# CLAUDE.md
This file provides guidance to Claude Code (claude.ai/code) when working with code in this repository.
## Project Overview
ickyMCP is a RAG (Retrieval-Augmented Generation) MCP server for semantic document search. It indexes documents into a SQLite vector database and provides semantic search via the MCP protocol.
## Common Commands
```bash
# Install dependencies
pip install -r requirements.txt
# Or as editable package
pip install -e .
# Run the MCP server
python run.py
# Fast parallel indexing (for bulk document ingestion)
python fast_index.py <target_dir> --workers 8 --batch 64 --patterns "*.pdf" "*.docx"
# Run tests
pytest
pytest tests/test_specific.py -k "test_name"
```
## Architecture
### Data Flow
1. **Parsing** (`src/parsers.py`): Documents (PDF, DOCX, PPTX, XLSX, TXT, MD) are parsed to extract text
2. **Chunking** (`src/chunker.py`): Text is split into 4K token chunks with 500 token overlap using tiktoken
3. **Embedding** (`src/embedder.py`): Chunks are embedded using either local model (nomic-embed-text-v1.5) or Voyage AI API
4. **Storage** (`src/database.py`): Embeddings stored in SQLite with sqlite-vec extension for vector similarity search
5. **Search**: Query is embedded and compared using cosine similarity
### Key Components
- **`src/server.py`**: MCP server entry point.
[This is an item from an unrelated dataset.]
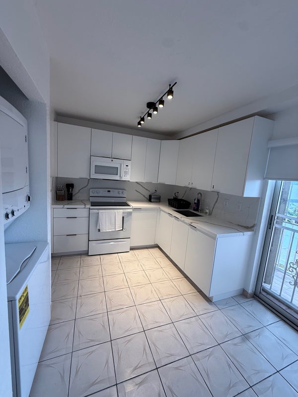 The apartment is bright, recently furnished, and fully equipped for comfortable shared living. It features a modern kitchen with appliances, cookware, and dishes, a living and dining area, and the convenience of an in-unit washer and dryer.

Exposes 7 tools: `index`, `search`, `similar`, `refresh`, `list`, `delete`, `status`
- **`src/embedder.py`**: Dual embedding support - `LocalEmbedder` (sentence-transformers) and `VoyageEmbedder` (API). Selected via `EMBEDDING_PROVIDER` env var
- **`src/database.py`**: `VectorDatabase` class wraps SQLite + sqlite-vec. Three tables: `documents`, `chunks`, `chunk_embeddings` (virtual table)
- **`src/chunker.py`**: `TextChunker` uses tiktoken for accurate token counting. Finds smart break points (paragraph > sentence > word)
- **`fast_index.py`**: Standalone CLI for bulk indexing with thread-pool parsing and batched embeddings
### Environment Variables
| Variable | Default | Description |
|----------|---------|-------------|
| `ICKY_EMBEDDING_PROVIDER` | `voyage` | `local` or `voyage` |
| `ICKY_CHUNK_SIZE` | `4000` | Tokens per chunk |
| `ICKY_CHUNK_OVERLAP` | `500` | Overlap between chunks |
| `ICKY_DB_PATH` | `./icky_voyage.db` or `./icky.db` | SQLite database path |
| `ICKY_VOYAGE_API_KEY` | (set in config) | Voyage AI API key |
| `ICKY_VOYAGE_MODEL` | `voyage-3.5-lite` | Voyage model name |
| `ICKY_VOYAGE_DIMENSIONS` | `1024` | Voyage embedding dimensions |
| `ICKY_LOCAL_MODEL` | `nomic-ai/nomic-embed-text-v1.5` | Local model name |
### Database Schema
- `documents`: path (unique), file_type, file_size, modified_time, indexed_at, chunk_count, page_count
- `chunks`: document_id (FK), chunk_index, chunk_text, token_count, page_number, start_char, end_char
- `chunk_embeddings`: Virtual table using sqlite-vec for vector similarity (768 or 1024 dimensions)
### Embedding Prefixes (Local Model Only)
The nomic model requires prefixes:
- Query: `search_query: <text>`
- Document: `search_document: <text>`
These are applied automatically in `LocalEmbedder.embed_query()` and `embed_documents()`.